Rising fiscal deficits fuel credit growth


FILE PHOTO: A bronze seal for the Department of the Treasury is shown at the U.S. Treasury building in Washington, U.S., January 20, 2023. REUTERS/Kevin Lamarque/File Photo

WASHINGTON: Investors are showing signs of pulling money out of government bonds and plowing it into the United States and European company debt.   

If the moves persist, money managers could be shifting what for decades has been market orthodoxy: that nothing is safer than buying US government debt.

But as US fiscal deficits climb, hurt by tax cuts and rising interest costs, the government may look to borrow more, and company debt may be the safer option. 

In June, money managers pulled US$3.9bil from Treasuries, while adding US$10bil to European and US investment-grade corporate debt, according to EPFR Global data.

In July, investors have added another US$13bil to US high-grade corporates, the largest net client purchasing in data going back to 2015, according to a separate note from strategists at Barclays last Friday. 

Michaël Nizard, a portfolio manager at Edmond de Rothschild Asset Management, started making the switch from government into corporate debt at the end of last year and is holding on to the position.    

And in a note in the latest week, BlackRock Inc strategists wrote, “Credit has become a clear choice for quality.” 

To the extent this shift is happening, it’s a slow change. The United States doesn’t have foreign currency debt, and can print more dollars as it needs to.

When money managers were alarmed about tariff wars in April, US Treasuries still performed better than corporate bonds, even if prices for both sectors broadly fell. And foreign demand for Treasuries has remained resilient, with holdings climbing in May.

But tightening corporate bond spreads in recent months may be a function of government debt looking relatively weaker now.
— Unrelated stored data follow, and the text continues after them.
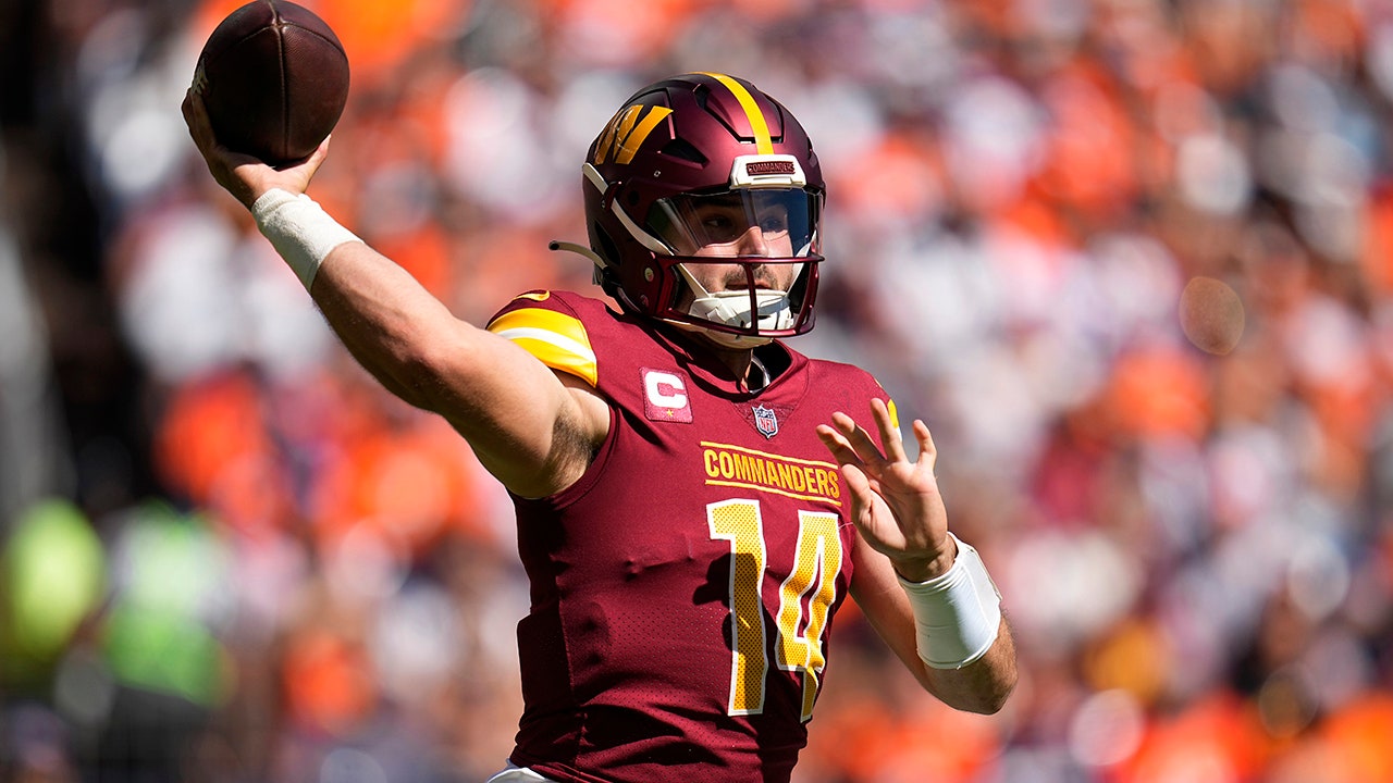 Washington Commanders quarterback Sam Howell passes against the Broncos in Denver on Sept. 17, 2023. (AP Photo/Jack Dempsey)
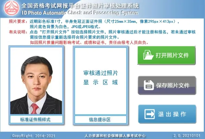 近期彩色标准1寸,半身免冠正面证件照(尺寸25mm*35mm,像素295px*413px),照片底色背景为白色,JPG或JPEG格式。(2018年2月22日以前注册的用户无须更换照片)。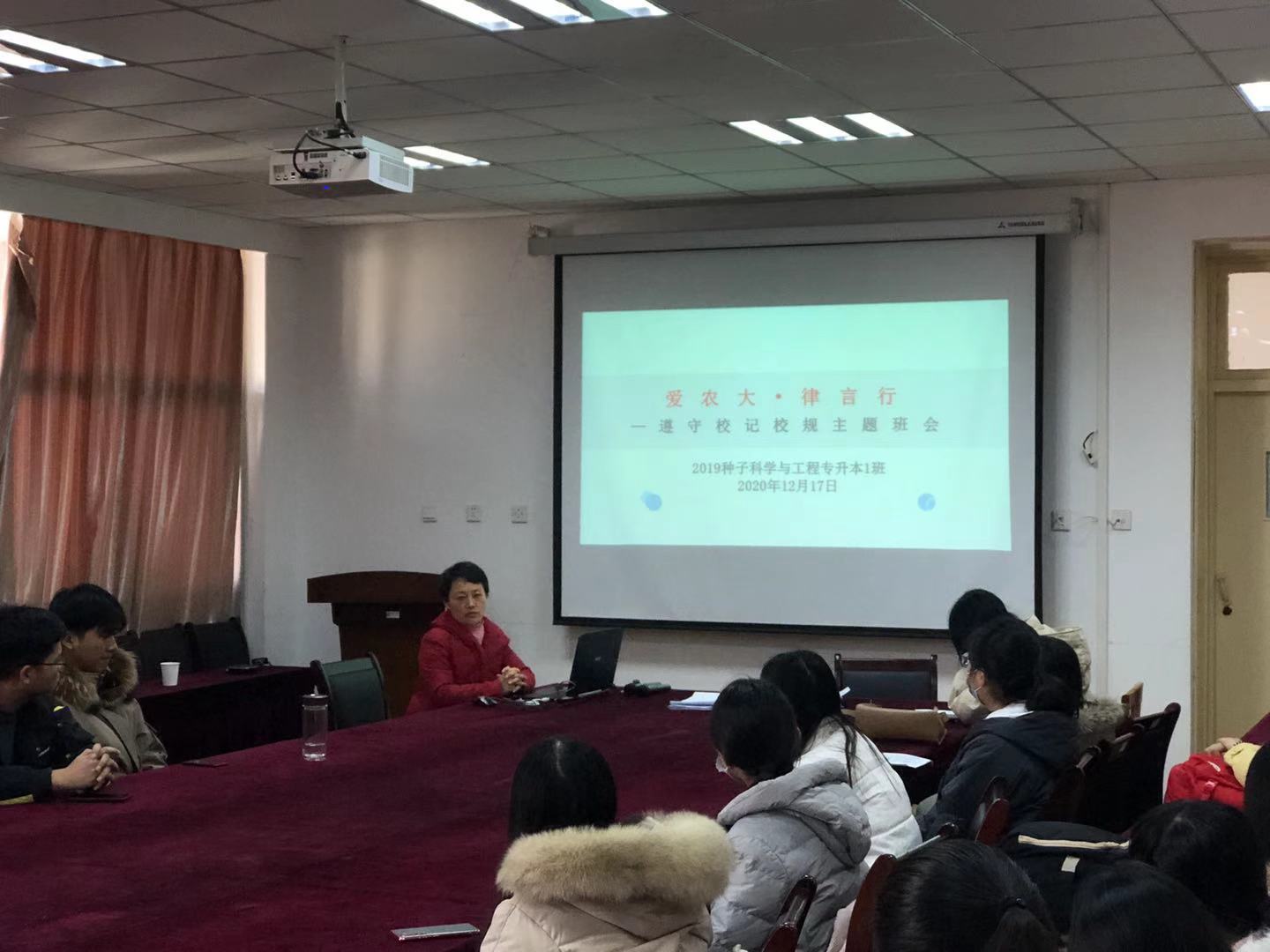 本网讯 为了进一步增强同学们法纪意识,培育法治思维,构建安全文明和谐校园,12月17日-23日,农学院本科、研究生各班级召开“爱农大·律言行”主题班会。

The US lost its last AAA grade in May, when Moody’s Ratings cut it to AA1.

At the same time, corporate profits remain relatively strong, and although there are reasons for caution, high-grade companies are generally generating enough earnings to easily pay their interest now.

More US companies are topping earnings estimates this reporting season than the same period last year. Valuations for company debt have been high recently, reflecting investor demand for the debt.

High-grade US corporate spreads have averaged below 0.8 percentage point, or 80 basis points, in July through last Thursday.

That’s far below the mean for the decade of about 120 basis points, according to Bloomberg index data.

Spreads for euro-denominated high-grade corporates have averaged about 85 basis points in July, compared with about 123 basis points for the decade.

But to many market observers, the world appears to be shifting, and it makes sense to hold more corporate debt now. 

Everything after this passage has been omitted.